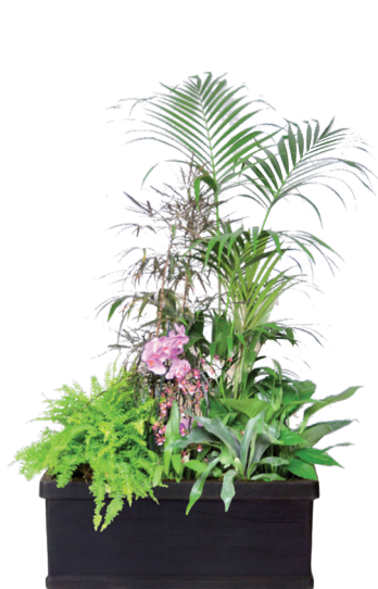
Ref. 143.200 - Black rectangular pot 100 x 32 cm Plants composition
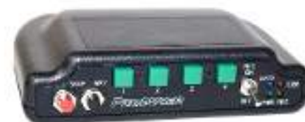
Producer - Video Control Unit

U174 Helicopter Headset Cable Bose Headset Cable GA Headset Cable 3.5mm AUX Input or Output Cable (All Genders Available)

--

Return the whole listing word for word, minus its pictures.

Ref. 143.200 - Black rectangular pot 100 x 32 cm Plants composition
Producer - Video Control Unit

U174 Helicopter Headset Cable Bose Headset Cable GA Headset Cable 3.5mm AUX Input or Output Cable (All Genders Available)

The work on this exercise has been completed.